**Available data:**
|---|
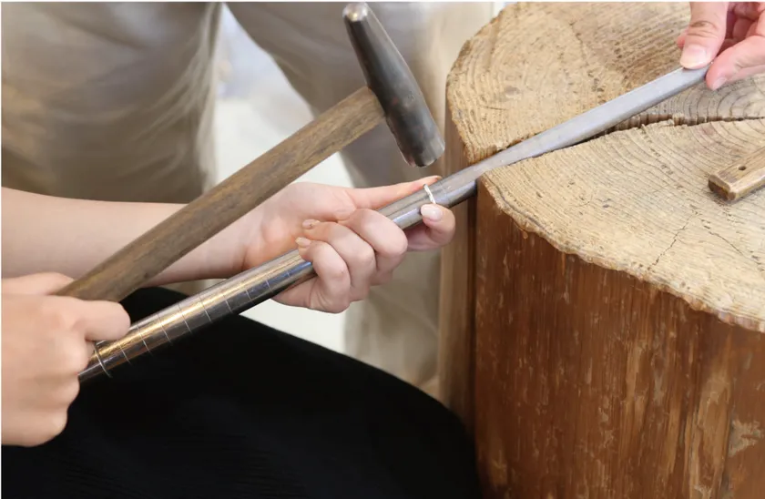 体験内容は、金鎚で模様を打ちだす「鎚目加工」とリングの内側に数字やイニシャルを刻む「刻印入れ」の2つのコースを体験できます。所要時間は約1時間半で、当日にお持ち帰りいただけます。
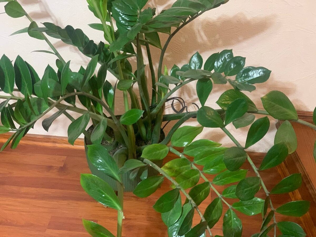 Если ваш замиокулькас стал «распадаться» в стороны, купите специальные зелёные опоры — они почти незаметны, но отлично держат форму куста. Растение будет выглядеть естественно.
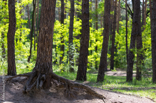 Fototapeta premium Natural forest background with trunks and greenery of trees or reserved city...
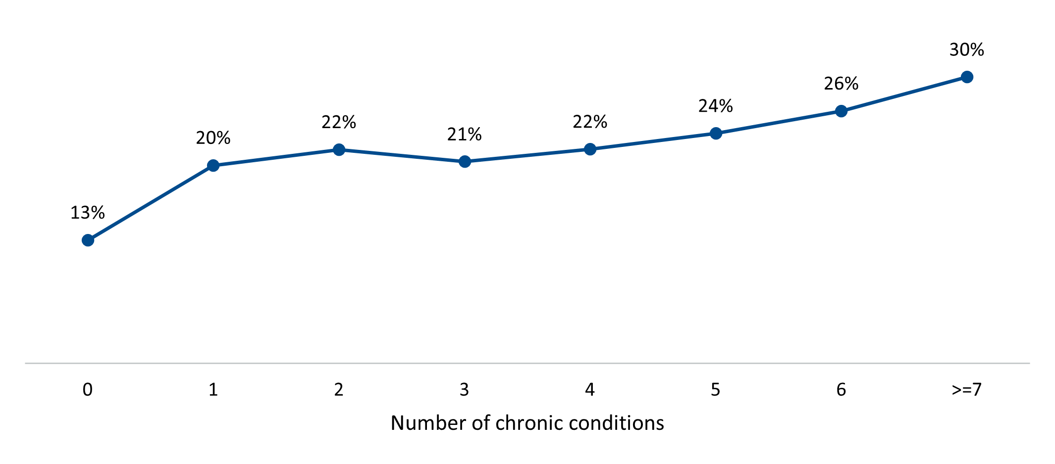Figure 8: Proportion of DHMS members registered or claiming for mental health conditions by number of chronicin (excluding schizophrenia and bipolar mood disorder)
|---|
**Aim of the exercise:** What is needed here is each line above set down word for word, minus the images.

**Answer box:**
 体験内容は、金鎚で模様を打ちだす「鎚目加工」とリングの内側に数字やイニシャルを刻む「刻印入れ」の2つのコースを体験できます。所要時間は約1時間半で、当日にお持ち帰りいただけます。
 Если ваш замиокулькас стал «распадаться» в стороны, купите специальные зелёные опоры — они почти незаметны, но отлично держат форму куста. Растение будет выглядеть естественно.
 Fototapeta premium Natural forest background with trunks and greenery of trees or reserved city...
Figure 8: Proportion of DHMS members registered or claiming for mental health conditions by number of chronicin (excluding schizophrenia and bipolar mood disorder)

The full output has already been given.